Recorded information:
^^^^^^^^^^^^^^^^
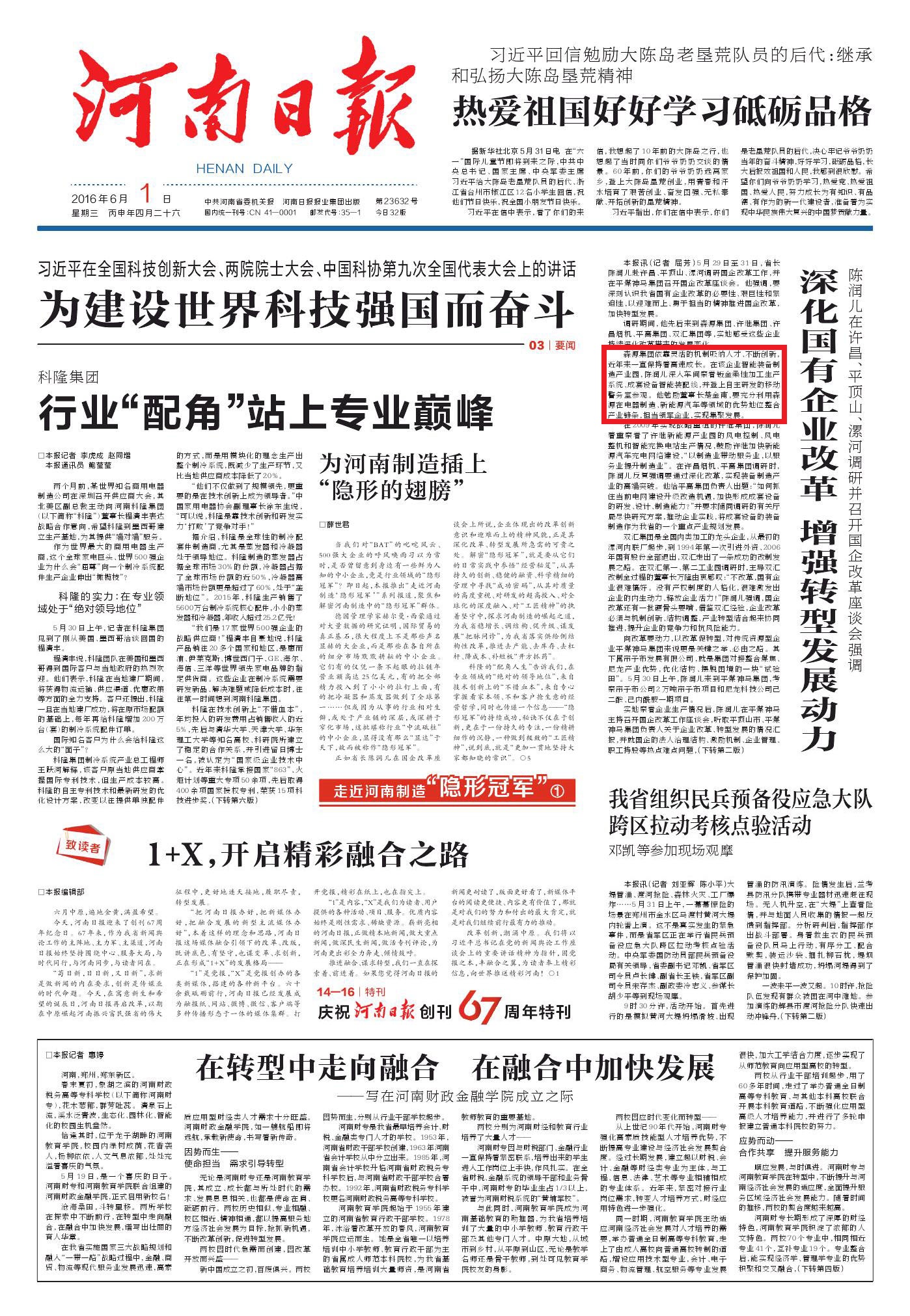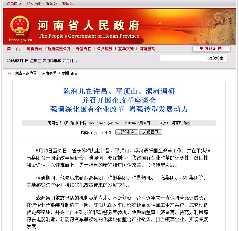 河南日报头版报道/河南省人民政府门户网站河南要闻——河南省省长陈润儿一行视察调研易游(中国)集团等企业
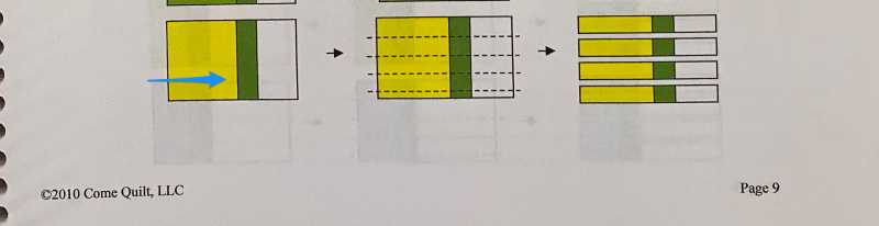 Becky, in Month 4, the Pieced Swags are introduced and Sue talks again about "cut parallel to the selvage". I can see the confusion. You want the 1.5" x 5.5" pieces to be as stable as possible, so the lengthwise grain--that is parallel to the selvage--to be along the 5.5" length. So cross cut the strip 5.5" then sub-cut into 1.5" units.
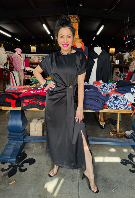 Glam - Gathered Metal Trim Short Sleeve Midi Dress
^^^^^^^^^^^^^^^^
Description of the task: When you copy the listing above, reproduce every line exactly and skip the images.

Written response:
 河南日报头版报道/河南省人民政府门户网站河南要闻——河南省省长陈润儿一行视察调研易游(中国)集团等企业
 Becky, in Month 4, the Pieced Swags are introduced and Sue talks again about "cut parallel to the selvage". I can see the confusion. You want the 1.5" x 5.5" pieces to be as stable as possible, so the lengthwise grain--that is parallel to the selvage--to be along the 5.5" length. So cross cut the strip 5.5" then sub-cut into 1.5" units.
 Glam - Gathered Metal Trim Short Sleeve Midi Dress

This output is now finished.